Business leaders marked down on AI workforce strategy
Explore new research on how AI is changing jobs, why many leaders are slow to invest in reskilling, and what this means for workforce strategy. Share with your team and contact Bubble Cloud/ Bubble Social Media Marketing to discuss practical next steps for your organisation.
How is AI changing employees’ expectations about their jobs?
Accenture’s research shows that employees are bracing for significant change from AI:
- 31% of workers expect their job will either be unrecognisable or disappear completely by the end of the decade.
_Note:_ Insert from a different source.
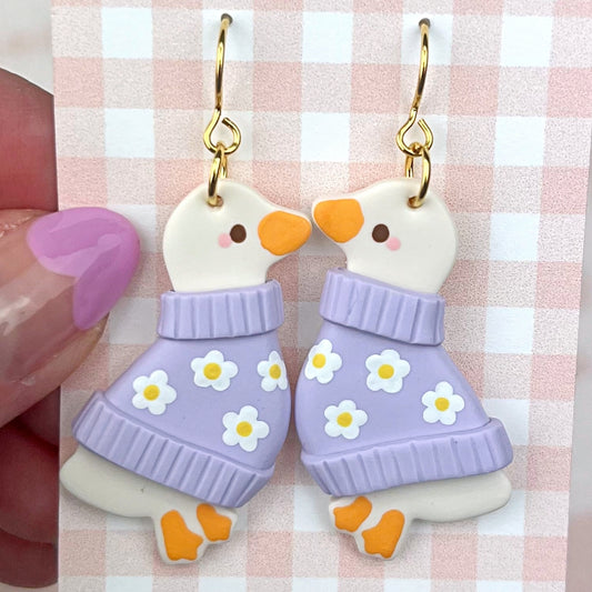 Daisy Purple Sweater Maisie the Goose Polymer Clay Earrings

That’s roughly double the share who felt this way just 18 months ago.
- 79% of workers expect they will need to reskill.
- 55% say they are likely to change occupations.
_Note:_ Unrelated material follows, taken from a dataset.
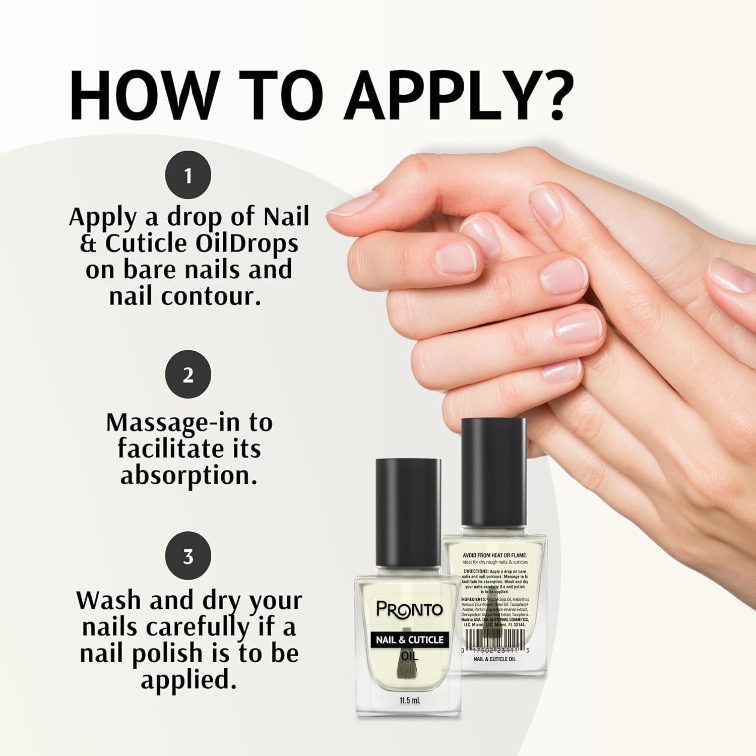 • PREMIUM QUALITY PRODUCT: Our Pronto fingernail polish remover & cuticle drop duo are proudly made in USA, using 100% pure acetone to effectively and efficiently remove all types of manicure and pedicure and cuticle oil to help deeply nourish and protect nails.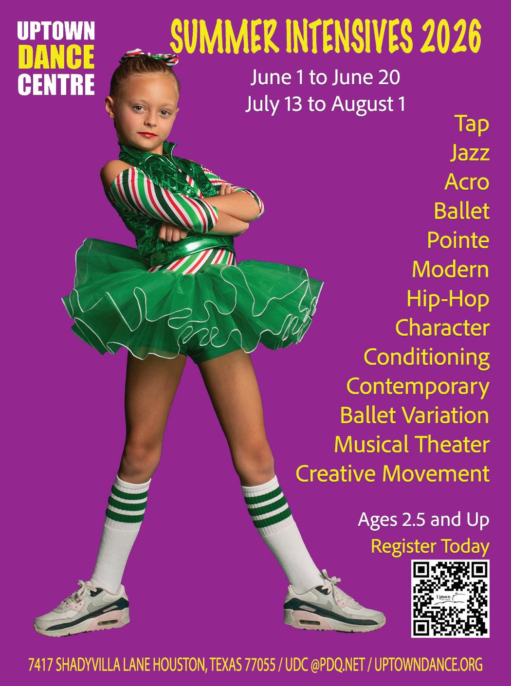 Ages 2.5 and up, Tap, Jazz, Acro, Ballet, Pointe, Modern, Hip-Hop, Character, Conditioning, Contemporary, Ballet Variation, Musical Theater, Creative Movement, June1–June 20, July 13–Aug. 1, scan QR for more information.

At the same time, there is strong willingness to adapt:
- More than half of UK workers (54%) say they have the appetite to reskill in response to AI.
In short, employees largely accept that AI will reshape their roles and are prepared to learn new skills. What they are looking for now is clearer guidance, structured reskilling opportunities, and support from their employers to navigate this transition.
Are employers investing enough in AI reskilling and workforce transition?
The research suggests a clear gap between what workers expect and what employers are currently doing.
On the employer side:
- Only 26% of organisations have conducted a skills audit to assess AI’s impact on roles.
- 27% do not provide AI-related training at scale.
- Just 30% are investing in reskilling and redeployment pathways for at-risk roles.
- Only 7% of executives say their workforce is fully prepared for agentic AI.
At the same time, executive expectations are shifting:
- In 2024, only about one-third of executives believed AI would shrink the national workforce; now 49% expect AI will reduce national employment over the next decade.
- Executives expecting AI to increase demand for entry-level roles dropped from 40% to 15%.
- Those expecting reduced demand for entry-level roles rose from 22% to 37%.
This mindset risks creating a “wait and see” approach, where leaders assume displacement is inevitable and invest less in reskilling. The report argues that turning AI-driven efficiency into inclusive growth will depend on more deliberate investment in skills audits, structured reskilling, and new career pathways.
Why aren’t AI productivity gains showing up at the organisational level?
The data indicates that AI use is growing, but often in a fragmented way that limits impact at scale.
Key patterns from the research:
- 24% of workers are sourcing AI tools themselves, outside formal company systems. This “shadow AI” means usage is ad hoc and not aligned with enterprise processes or governance.
- Employees are mainly adopting AI at the level of individual tasks, not end-to-end workflows.
- Only around a quarter of employees say a major process in their team has been redesigned around AI in the past year.
The result is what the report calls a “two-speed organisation”:
- Some functions operate with AI-enabled productivity.
- Others continue to work as they always have.
As Matt Prebble of Accenture notes, AI has effectively “joined the workforce,” but people are moving faster than their organisations. Personal productivity gains are visible, but they don’t automatically translate into enterprise performance.
To turn AI adoption into economic value, organisations need to:
- Create a current, comprehensive view of workforce capabilities and gaps.
- Redesign workflows and operations around AI, rather than just layering tools on top of existing processes.
- Invest in structured reskilling and upskilling so that AI becomes embedded in how work gets done, not just in isolated tasks.